Making the decision to have a child is momentous. It is to decide forever to have your heart go walking around outside your body. ~Elizabeth Stone

i think the older my kids get the truer this statement becomes. i know i will be a blubbering idiot they day of their graduations. and yes, i know they are still children, partly, and this is nothing compared to high school graduation and college and omg....weddings. if i think about it too much i don't think i'd be able to stop crying.

so.....love up your kids folks....even when they're being annoying pains in the ass. because you're going to turn around one day and they'll be off on their own living their life. SOB!

Sunday, May 1, 2011

love me some colin

firth that is. although i didn't watch the live viewing of friday's wedding (i caught a recap that night) i did watch the king's speech last night. i love colin firth. although i don't think he is considered among the "hotties" i find him sublime and charming and personable and handsome. above hot if you will.


the movie was spectacular really. sad in many ways. i realize it's a movie, but the glimpse into that royal life is always mesmerizing. i had always had a more romantic, doe-eyed notion about edward giving up the throne for his true love, but in actuality he was a bit of an ass, she a bit of a player, and it's probably better he gave it up. i think england would be a much different county if he hadn't. i love the fact that although george vi's own parents were hands off and of that aristocratic age that didn't really take care of their own kids or show them love, he and elizabeth seemed to be loving parents.

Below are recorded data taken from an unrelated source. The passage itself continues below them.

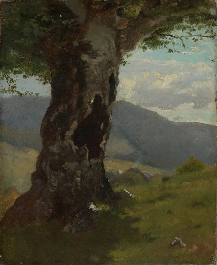 Alter Baumstamm mit Blick auf das Tal - Hans Thoma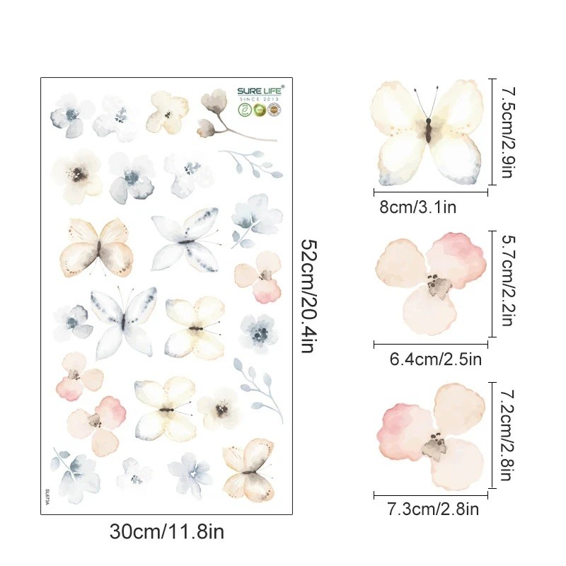 Tarrat on helppo asentaa – tarvitaan vain sileä, puhdas ja kuiva pinta, johon ne yksinkertaisesti painetaan. Koristeet pysyvät tiukasti paikoillaan, mukautuvat hyvin taustaan ja ohuen materiaalin ansiosta asennus voidaan tehdä ilman kuplia tai näkyviä reunoja. Läpinäkyvä matta vinyyli varmistaa, että tarrat sopeutuvat seinän väriin eivätkä näytä häiritseviltä, mikä mahdollistaa niiden käytön sekä vaaleissa että tummemmissa sisätiloissa. Materiaali on myös kestävä, helppohoitoinen ja sopii tiloihin, joissa on lisääntynyttä kosteutta.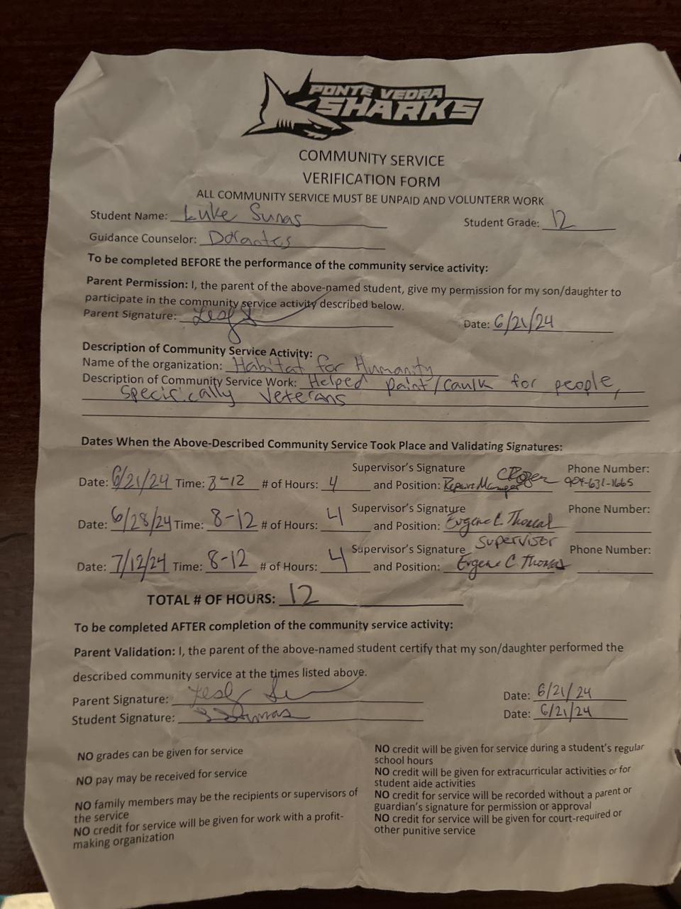 Summer Project Hours

i watched a recap of friday's wedding---though all those years ago i remember watching that wedding live and being touched and awed. looking at the clips of that now, i don't see the glowing love and affection that i thought i did then, things that were so obvious in this wedding. i liked the nods to di and the personal touches the couple put on their special day.


the hubs and i were talking, after watching the king's speech, and wondering what the english government will do this time around. not only is the next king divorced, he's remarried to a divorced woman. i think times have changed enough that this won't be an issue, but it was only two-generations ago that it was. interesting.

i like the fact that the new future queen doesn't have a royal drop of blood. i mean after all of this time i'd say they need to expand the gene pool right? and don't you know when william eventually watches this coverage he's going to come face to face (if he hasn't already) with the fact he's got a huge bald spot and harry has a nice full head of hair? wouldn't it be cool if kate's sister and william's brother got married?